Exactly reproduce the line containing "The Model T80 Resistivity" and all later lines to the end of the entries, leaving the pictures out of your copy.

[Opening Data for analysis section]

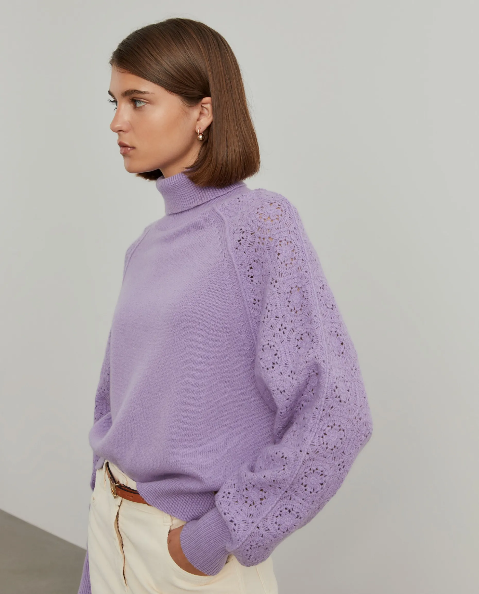 Mantenha-se quente e confortável com esta camisola de gola alta com pormenor elegante e diferenciador de mangas em efeito croché. A gola, base e punhos são canelados. É confecionada, na totalidade, em lã, que confere à peça maior conforto e isolamento térmico.
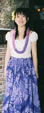 写真は、先日、フラの先生のクリスマスパーティーで踊った後のホッとした私。
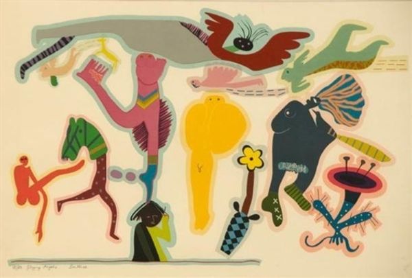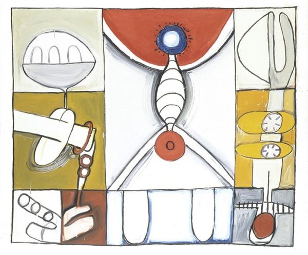 Victor Brauner made this painting, Irschou, with oil on cardboard, and what strikes me first is the way he's built this composition from the ground up through flat planes and graphic lines. It’s like he’s making a world, piece by piece. The colors in the work are so interesting. They aren't exactly 'natural', and the hues push against each other in a way that makes the whole image slightly unsettling. Like that almost acidic yellow of the character on the left, or the dog. Look at the lines he uses to define each of the figures, these bold, graphic outlines that don't just describe but also seem to contain them. It's like the painting is both a collection of forms and a set of boundaries. Brauner's got this sense of humor and depth of thought, a kind of playful surrealism that he shares with artists like Joan Miró. Irschou is not just something to look at, but to wander around in, finding new connections and meanings each time.
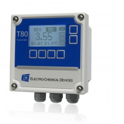 The Model T80 Resistivity Transmitter is one part of the Model T80 Universal Transmitter product line. The T80 Transmitter offering includes the pH Transmitter, ORP Transmitter, Ion Selective Transmitter, Dissolved Oxygen Transmitter, Turbidity Transmitter, Conductivity Transmitter and Resistivity Transmitter. The T80 Transmitters are available as single channel or dual channel instruments. The Model T80 transmitter digitally communicates with any ECD S80 digital sensor, automatically configuring the transmitter’s menus and display screens to the measured parameter. There is no longer a need to inventory multiple instrument types, the one Model T80 Resistivity transmitter will automatically configure to any of the listed measurements.
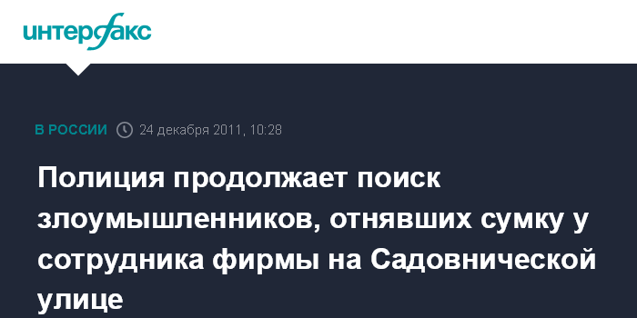 Полиция продолжает поиск злоумышленников, отнявших сумку у сотрудника фирмы на Садовнической улице
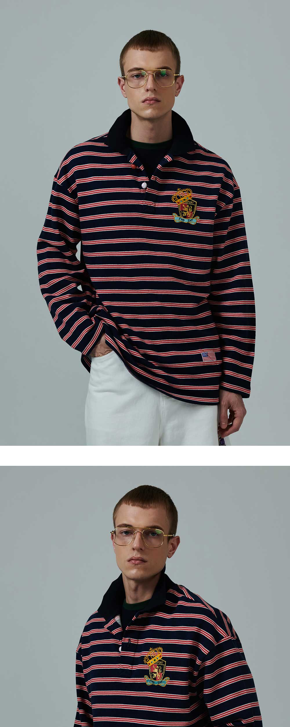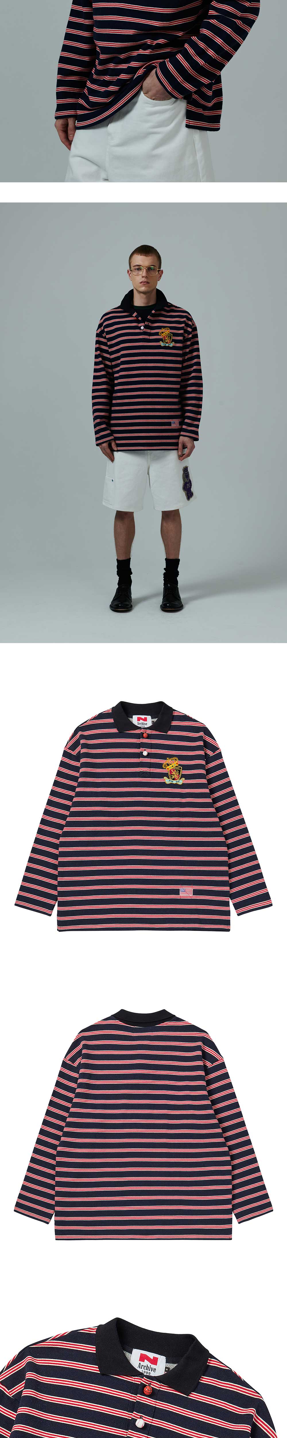 ㆍ컬렉션 라인의 90년대 프레피 룩에서 영감을 받아 제작된 스트라이프 패턴의 PK 티셔츠 ㆍ90년대 방식으로 직조된 헤비 게이지의 코튼 원사를 통한 오리지널리티의 복각 ㆍ가슴에 두 가지 방식으로 제작된 와팬 자수 포인트 ㆍ덤블워싱&텐타가공으로 세탁 후 변형 최소화 ㆍ공 모양으로 제작된 포인트 단추 디테일 ㆍ남녀공용 착용

[Closing Data for analysis section]

■ Expected output ■
 The Model T80 Resistivity Transmitter is one part of the Model T80 Universal Transmitter product line. The T80 Transmitter offering includes the pH Transmitter, ORP Transmitter, Ion Selective Transmitter, Dissolved Oxygen Transmitter, Turbidity Transmitter, Conductivity Transmitter and Resistivity Transmitter. The T80 Transmitters are available as single channel or dual channel instruments. The Model T80 transmitter digitally communicates with any ECD S80 digital sensor, automatically configuring the transmitter’s menus and display screens to the measured parameter. There is no longer a need to inventory multiple instrument types, the one Model T80 Resistivity transmitter will automatically configure to any of the listed measurements.
 Полиция продолжает поиск злоумышленников, отнявших сумку у сотрудника фирмы на Садовнической улице
 ㆍ컬렉션 라인의 90년대 프레피 룩에서 영감을 받아 제작된 스트라이프 패턴의 PK 티셔츠 ㆍ90년대 방식으로 직조된 헤비 게이지의 코튼 원사를 통한 오리지널리티의 복각 ㆍ가슴에 두 가지 방식으로 제작된 와팬 자수 포인트 ㆍ덤블워싱&텐타가공으로 세탁 후 변형 최소화 ㆍ공 모양으로 제작된 포인트 단추 디테일 ㆍ남녀공용 착용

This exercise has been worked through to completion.